> WORK TO COMPLETE:
Excluding every picture, print exactly the lines from the one containing "MONNARI prosta lejąca" through the end of the material below, both ends included.

> PROVIDED DATA:
=====

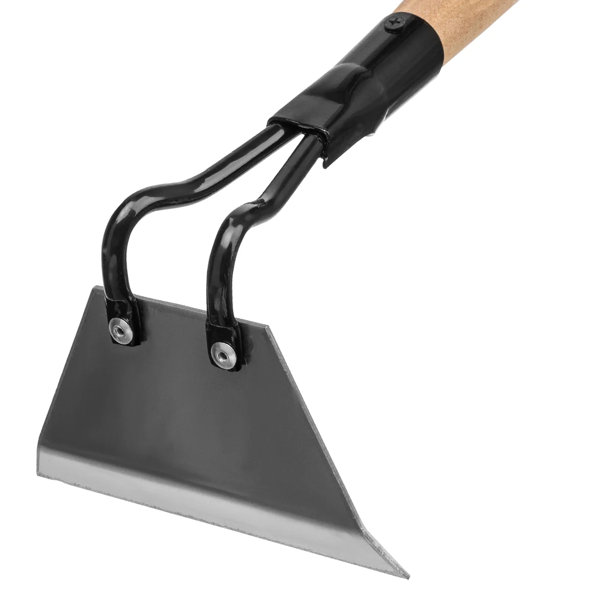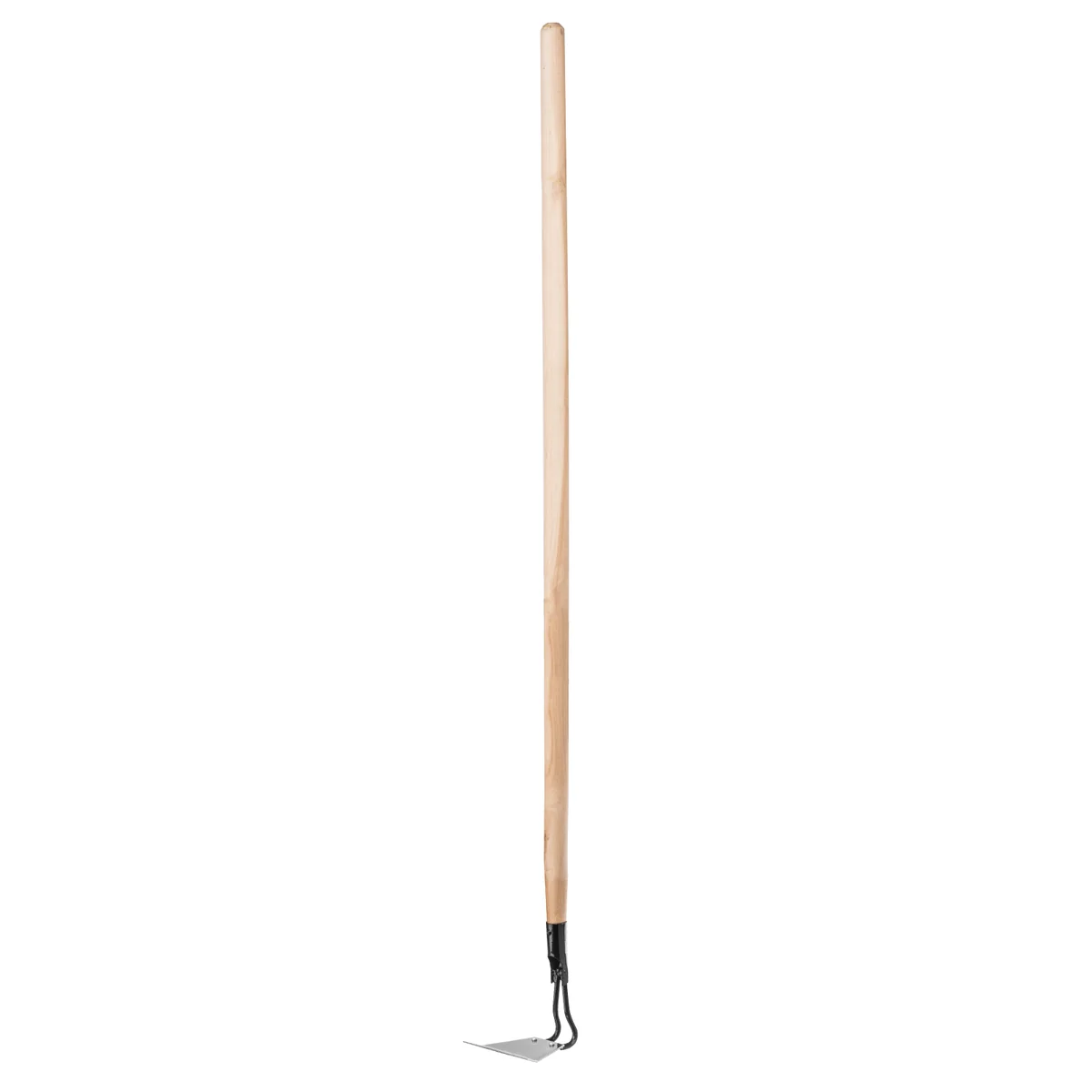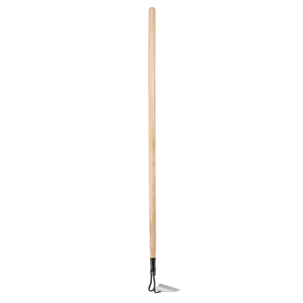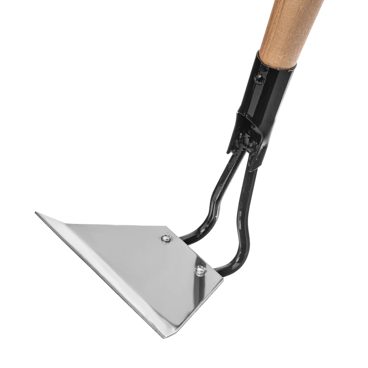 Усиленная мотыга Сибртех 62288 из нержавеющей стали, 150 х 90 х 1325 мм, с деревянным черенком, используется для рыхления почвы, уничтожения сорной травы и окучивания растений. Полотно из нержавейки устойчиво к коррозии. Отшлифованный деревянный черенок повышает комфортность работы, кроме того, благодаря ему снижается нагрузка на позвоночник. Мотыга пригодится владельцам приусадебных участков.ПреимуществаОстрое лезвие быстро погружается в почву и легко подрезает корни сорняков.За счет толщины 2,5 мм полотно обладает повышенной прочностью и долговечностью.Тулейка и державка, покрытые порошковой эмалью, устойчивы к воздействию влаги.Клепаное соединение полотна и державки обеспечивает надежность инструмента.Черенок из древесины твердых пород устойчив к излому, а благодаря креплению на саморез он не выскочит из тулейки.
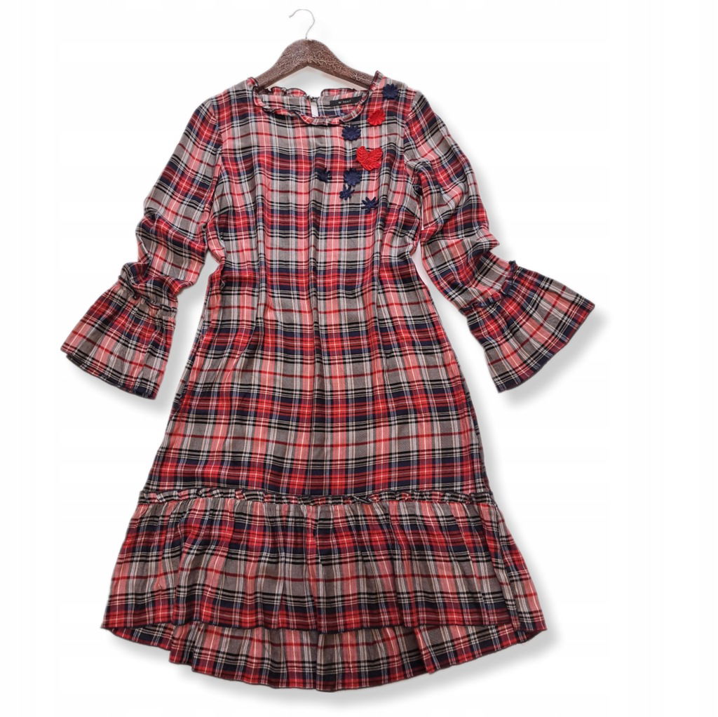 MONNARI prosta lejąca sukienka midi krateczka wiskoza falbana S/M
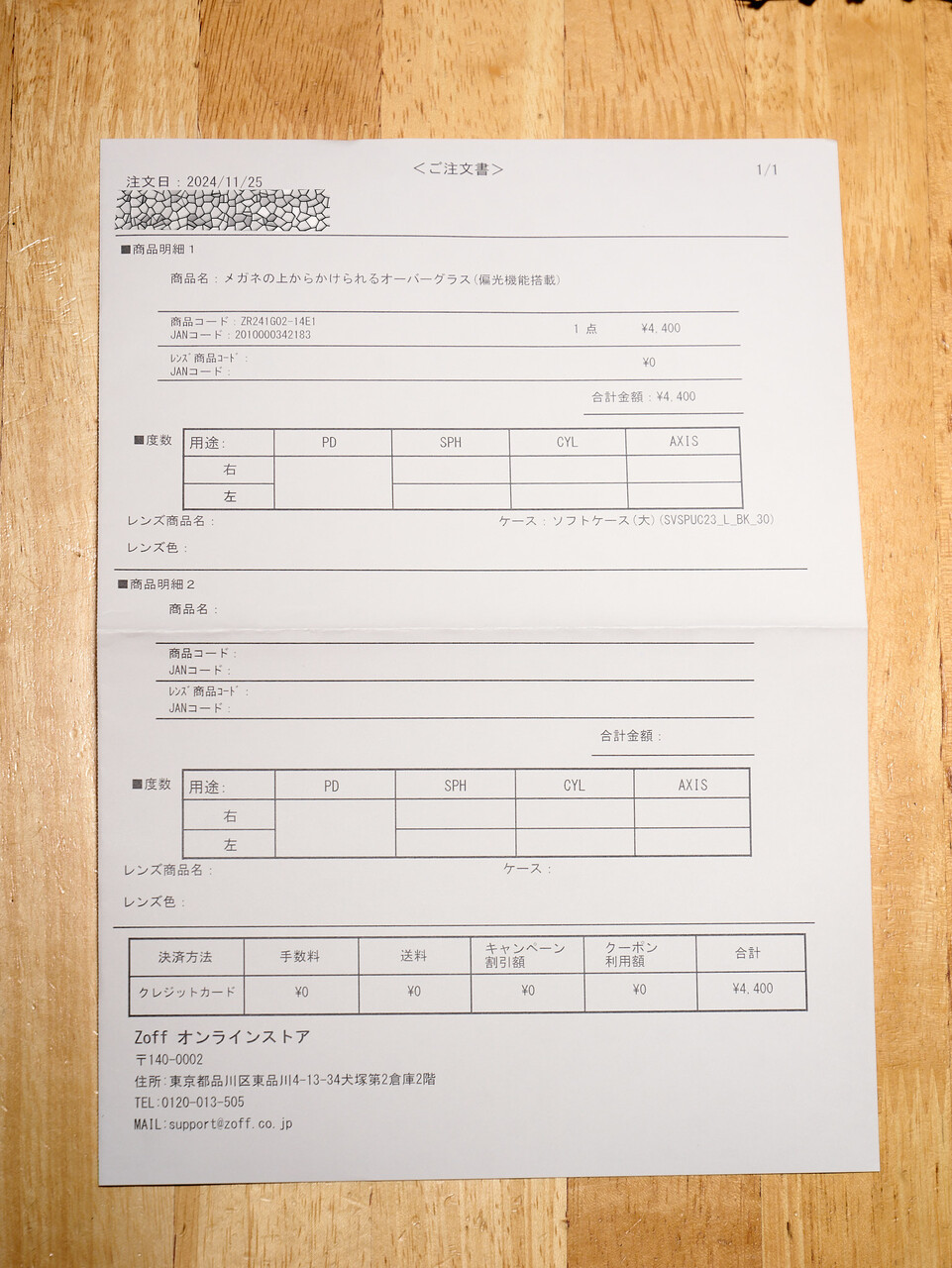 こんどモビリタに行く予定で、サングラスが必要と書かれていたのでメガネの上にかけるサングラスを買うことにした。度付きサングラスを作るほどでもないしクリップタイプの跳ね上げ式のでもよかったんだけどなんとなく。コールマンのやつのほうが安かったがサイズがわからなかったのでやめた。あと、モビリタで必要とされてるのは路面に水を撒いて反射がきついからだとおもうのでスモークだけではなくて偏向機能つきのもので。車を運転するとき用のメガネはフレームの横幅が143mmあるので、3種類あるうちの1つしか合わなかった。4400円。

=====

> TASK OUTPUT:
 MONNARI prosta lejąca sukienka midi krateczka wiskoza falbana S/M
 こんどモビリタに行く予定で、サングラスが必要と書かれていたのでメガネの上にかけるサングラスを買うことにした。度付きサングラスを作るほどでもないしクリップタイプの跳ね上げ式のでもよかったんだけどなんとなく。コールマンのやつのほうが安かったがサイズがわからなかったのでやめた。あと、モビリタで必要とされてるのは路面に水を撒いて反射がきついからだとおもうのでスモークだけではなくて偏向機能つきのもので。車を運転するとき用のメガネはフレームの横幅が143mmあるので、3種類あるうちの1つしか合わなかった。4400円。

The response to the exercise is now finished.